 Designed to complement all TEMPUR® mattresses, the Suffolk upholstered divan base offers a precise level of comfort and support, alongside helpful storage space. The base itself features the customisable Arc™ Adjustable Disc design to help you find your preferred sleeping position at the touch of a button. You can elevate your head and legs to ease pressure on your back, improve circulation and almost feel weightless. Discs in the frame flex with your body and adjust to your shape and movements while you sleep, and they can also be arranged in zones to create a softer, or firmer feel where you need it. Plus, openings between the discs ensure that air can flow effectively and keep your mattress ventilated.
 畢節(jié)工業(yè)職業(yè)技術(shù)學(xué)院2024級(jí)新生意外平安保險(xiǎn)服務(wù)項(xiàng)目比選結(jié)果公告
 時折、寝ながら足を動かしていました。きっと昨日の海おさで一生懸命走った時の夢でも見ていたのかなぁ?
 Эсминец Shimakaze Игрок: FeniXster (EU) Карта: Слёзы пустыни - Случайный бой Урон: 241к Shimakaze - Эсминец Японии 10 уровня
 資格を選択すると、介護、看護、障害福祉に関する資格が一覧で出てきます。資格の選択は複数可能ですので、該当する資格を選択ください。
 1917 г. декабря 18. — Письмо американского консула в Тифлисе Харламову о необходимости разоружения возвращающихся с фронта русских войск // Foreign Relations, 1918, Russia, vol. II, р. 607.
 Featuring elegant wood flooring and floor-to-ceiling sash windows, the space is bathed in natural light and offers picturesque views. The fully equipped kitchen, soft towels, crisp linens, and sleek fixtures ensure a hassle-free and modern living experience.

---

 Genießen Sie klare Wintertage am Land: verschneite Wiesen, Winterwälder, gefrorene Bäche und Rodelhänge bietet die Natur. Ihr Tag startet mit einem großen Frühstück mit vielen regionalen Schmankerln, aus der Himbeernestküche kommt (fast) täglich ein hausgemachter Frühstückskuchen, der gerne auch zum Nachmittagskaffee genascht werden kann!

---

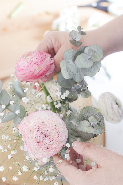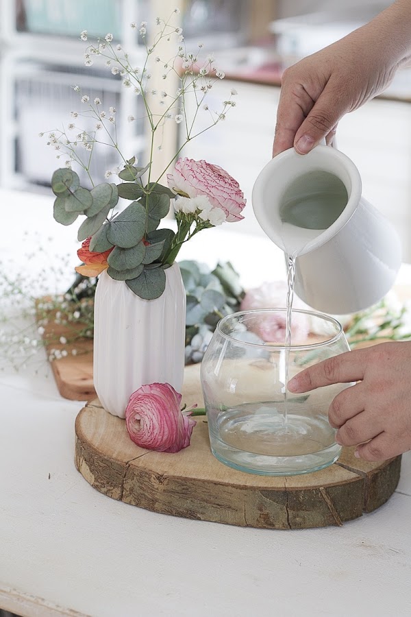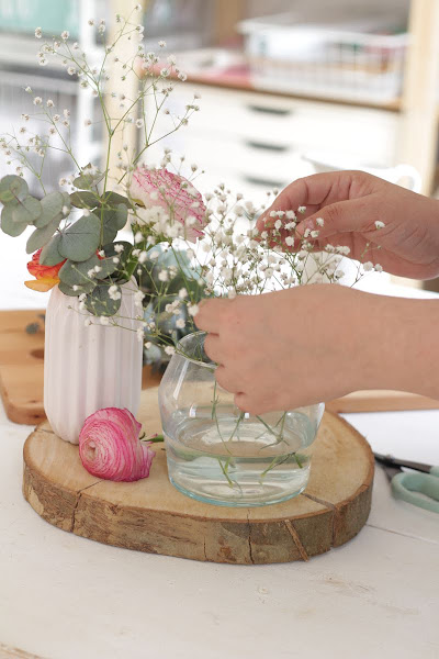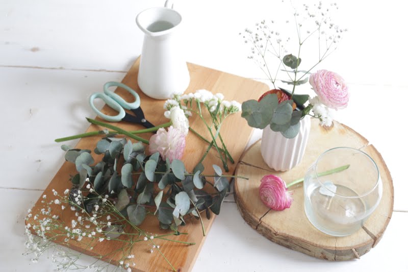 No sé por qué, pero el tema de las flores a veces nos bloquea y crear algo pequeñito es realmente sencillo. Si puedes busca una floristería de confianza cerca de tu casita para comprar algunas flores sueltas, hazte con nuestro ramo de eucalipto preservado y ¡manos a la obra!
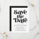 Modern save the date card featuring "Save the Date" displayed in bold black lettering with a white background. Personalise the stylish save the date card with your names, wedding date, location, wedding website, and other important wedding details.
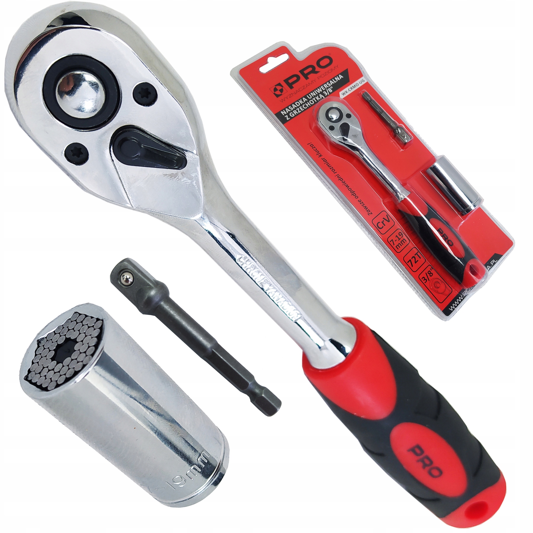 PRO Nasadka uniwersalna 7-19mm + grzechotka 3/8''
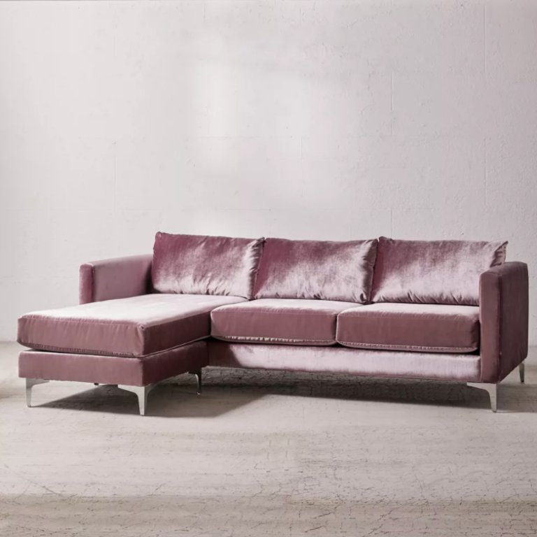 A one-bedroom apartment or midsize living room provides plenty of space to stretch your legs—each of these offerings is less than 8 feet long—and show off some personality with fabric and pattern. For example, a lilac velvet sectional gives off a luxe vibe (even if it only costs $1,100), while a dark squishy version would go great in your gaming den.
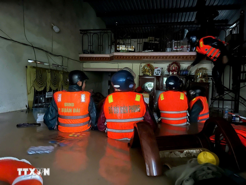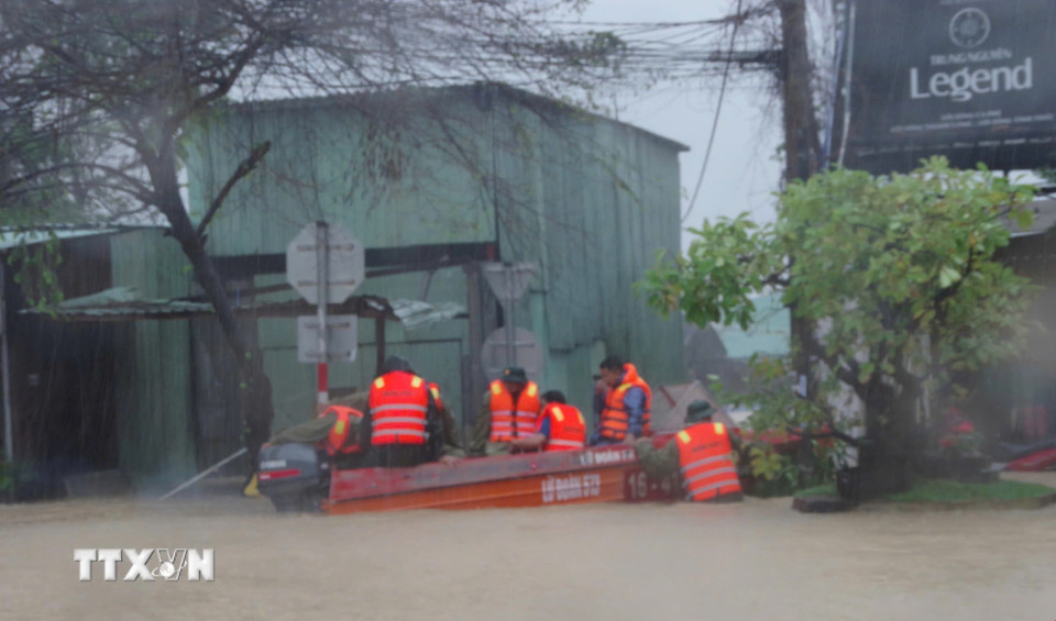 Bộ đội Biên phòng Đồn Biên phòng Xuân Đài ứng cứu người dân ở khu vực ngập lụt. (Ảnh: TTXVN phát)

§ EXERCISE PROMPT
Give again exactly, and only, the lines above starting at the one with "Эсминец Shimakaze Игрок: FeniXster" and ending at the one with "Featuring elegant wood".

§ THE ANSWER
 Эсминец Shimakaze Игрок: FeniXster (EU) Карта: Слёзы пустыни - Случайный бой Урон: 241к Shimakaze - Эсминец Японии 10 уровня
 資格を選択すると、介護、看護、障害福祉に関する資格が一覧で出てきます。資格の選択は複数可能ですので、該当する資格を選択ください。
 1917 г. декабря 18. — Письмо американского консула в Тифлисе Харламову о необходимости разоружения возвращающихся с фронта русских войск // Foreign Relations, 1918, Russia, vol. II, р. 607.
 Featuring elegant wood flooring and floor-to-ceiling sash windows, the space is bathed in natural light and offers picturesque views. The fully equipped kitchen, soft towels, crisp linens, and sleek fixtures ensure a hassle-free and modern living experience.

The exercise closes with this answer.